For example, there is simply no way Idra should lose to HD in a best of 7 if he was much more talented. Hence, if you play an early set and HD beats one 2-1, the reasonable expectation should be that either way, if Idra truly more talented, the second match up should see a 2-0 or 2-1 result for Idra, making the series 3-2 or 3-3, which if we assume that the vastly better player wins the best of 7, even if they played an extra match, Idra should win and move on, meaning in an extended series or second bo3 Idra should win- there is no difference between the 2. This also avoids the problem of idra winning the first set and losing the second- allowing the worse player to move on, even if the series was 3-2. Again, this is working under the assumption that the vastly more talented player should win every best of 7.
However, in even games, the extended series does a better job of truly showing who the better player is by increasing the population of games. For example, if Idra and Nony play, most people would say the skill difference is negligible- whoever would win a bo7 would be the one who happened to be playing better that day, had a special build, or something like that. Whoever wins the first series, lets assume idra, and they play again, the extended series does a better job of determining the better player the outcome is acceptable. Take the normal non extended series If idra wins again, he was the better player that day, no problems, he won 4 of the 7 games. However, should nony win with the same score from the first series, say both were 2-0, we have no way of telling who the better player was that day, just that nony happened to win later on, but overall, with a 2-2 score, there is no actual result or closure- ambiguity remains. But with an extended series, playing out the rest, someone would have to definitively prove they were playing better that day. There is no ambiguous result, someone would win a bo7.

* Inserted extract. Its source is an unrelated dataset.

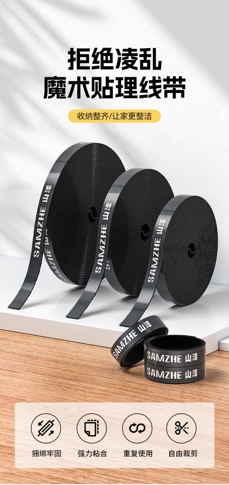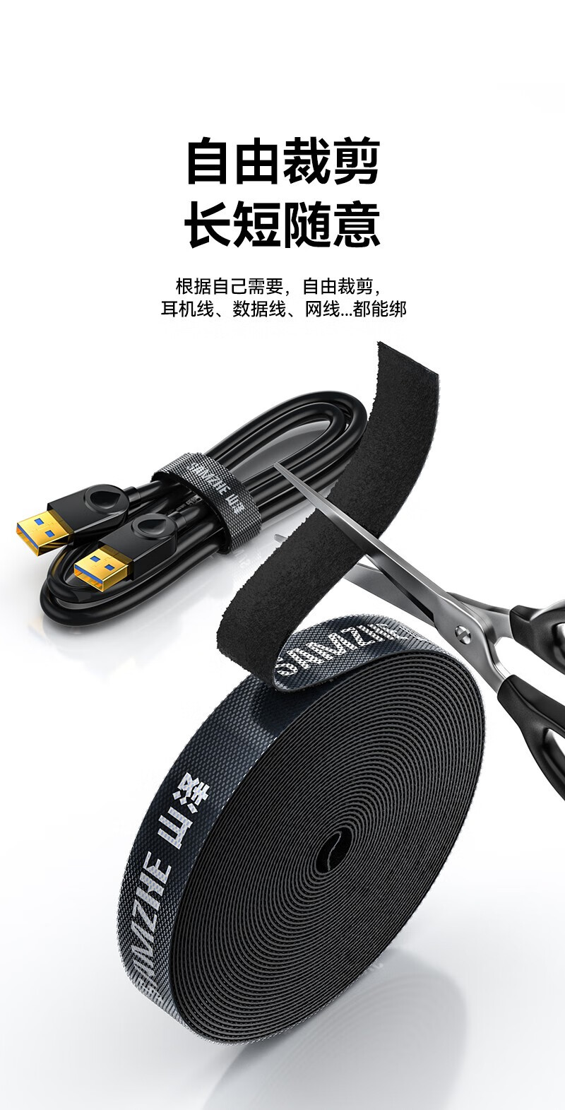 야마자와 컴퓨터 케이블 타이 무료 절단 케이블 타이 벨트 연속 벨크로 케이블 스토리지 고정
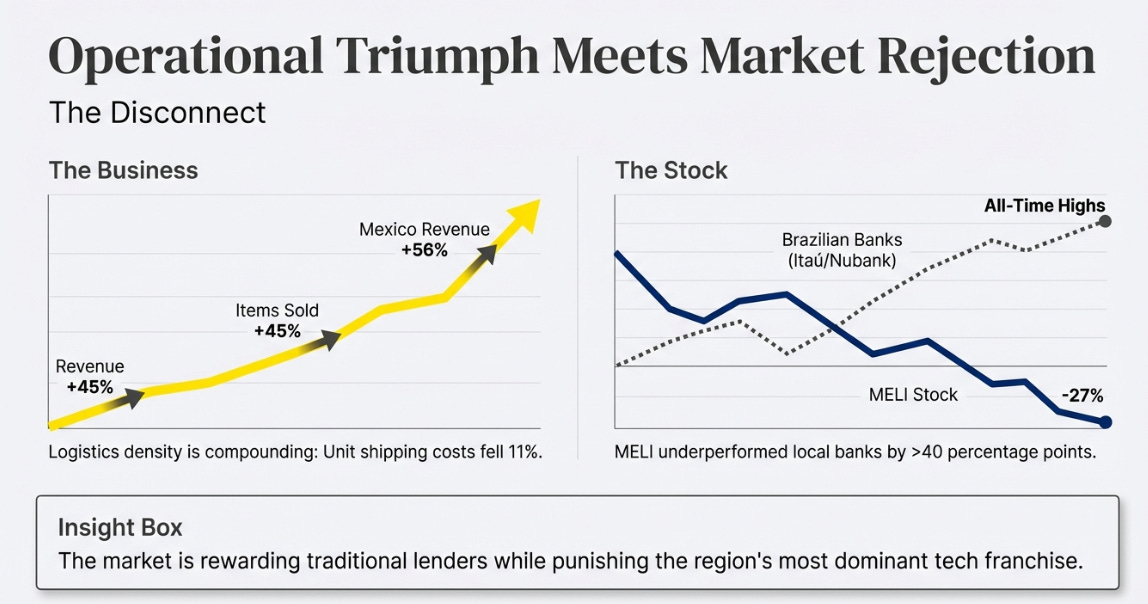 Meanwhile, MercadoLibre, the most dominant technology franchise in Latin America, growing revenue 45% with leading market share across every geography and product vertical, peaked at $2,700 last April and now trades at $1,923. The stock underperformed Brazilian banks by over 40 percentage points in the past year. A company growing revenue three to four times faster than the index is being treated as the worst-performing asset class in the region.

Now lets assume 2 players of slightly different skill levels- say Idra and machine. Idra should win a series the majority of the time. In this case, the more games the 2 play, the more the match shifts in idra's favor- as the better player, given infinite matches, he should win the majority. So increasing the number of matches they play increases the chance the better player moves on.
From a purely analytical standpoint- extending the series and playing more games simply increases the better players opportunity to win the series.
|
On November 12 2010 10:32 nzb wrote:Show nested quote +On November 12 2010 10:26 zulu_nation8 wrote: I think your study would only be meaningful if people actually assumed a bo7 series does not determine the best player as well as a bo3 series. I'm not really sure what you are responding to ... The point of this is to determine exactly how much of an effect extended series has, both for individual matches and for an entire tournament. I'm pretty sure I haven't seen anyone talk about this with real numbers to back up what they are saying
I don't understand why numbers are needed to argue that a format with lots of games played has less variance than a format with few games. What does your conclusion show that we don't already know? Moreover what can you interpret from the data you collected? What does the 1% increase mean? Is it significant? What does it reveal about extended series other than it slightly increases the chance that the "best" player wins, which everyone should already understand since extended series is a bo7 compared to the normal bo3. I also don't agree with your performance model, skill level is extremely difficult to quantify.
|
Your model is incomplete, as it ignores the fact that the extended series suddenly changes the rules. While it seems insignificant for sports based on (physical) skill, because players always play 'straight up', it heavily messes up a strategy game like SC2.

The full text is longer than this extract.